Work to complete:
Copy each line, word for word, from the one with "Kayra Baby 3-6-9" through the final line of the listing, but skip the pictures.

Data block:

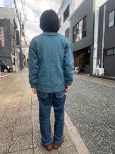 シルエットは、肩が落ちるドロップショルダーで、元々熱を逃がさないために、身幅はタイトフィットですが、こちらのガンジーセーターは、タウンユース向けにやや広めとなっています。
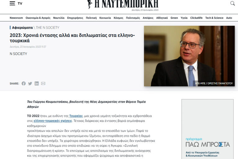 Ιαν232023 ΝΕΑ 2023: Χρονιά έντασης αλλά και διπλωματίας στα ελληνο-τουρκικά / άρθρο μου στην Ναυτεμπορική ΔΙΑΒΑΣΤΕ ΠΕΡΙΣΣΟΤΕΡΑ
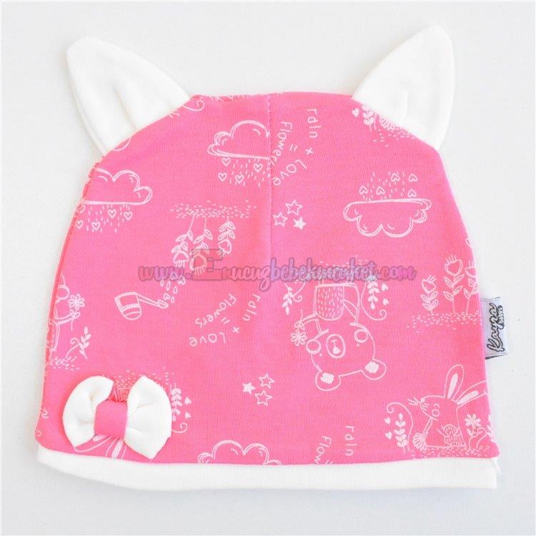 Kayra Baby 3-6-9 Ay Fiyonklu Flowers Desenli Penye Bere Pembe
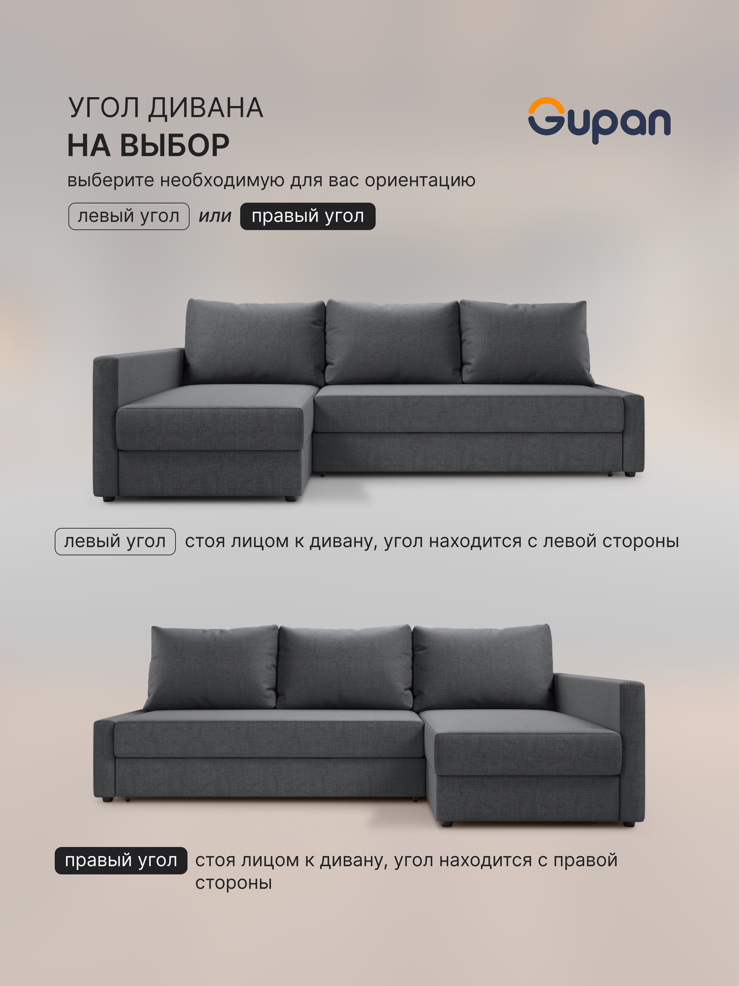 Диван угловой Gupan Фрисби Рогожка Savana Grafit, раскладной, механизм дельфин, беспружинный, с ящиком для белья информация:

Answer:
 Kayra Baby 3-6-9 Ay Fiyonklu Flowers Desenli Penye Bere Pembe
 Диван угловой Gupan Фрисби Рогожка Savana Grafit, раскладной, механизм дельфин, беспружинный, с ящиком для белья информация:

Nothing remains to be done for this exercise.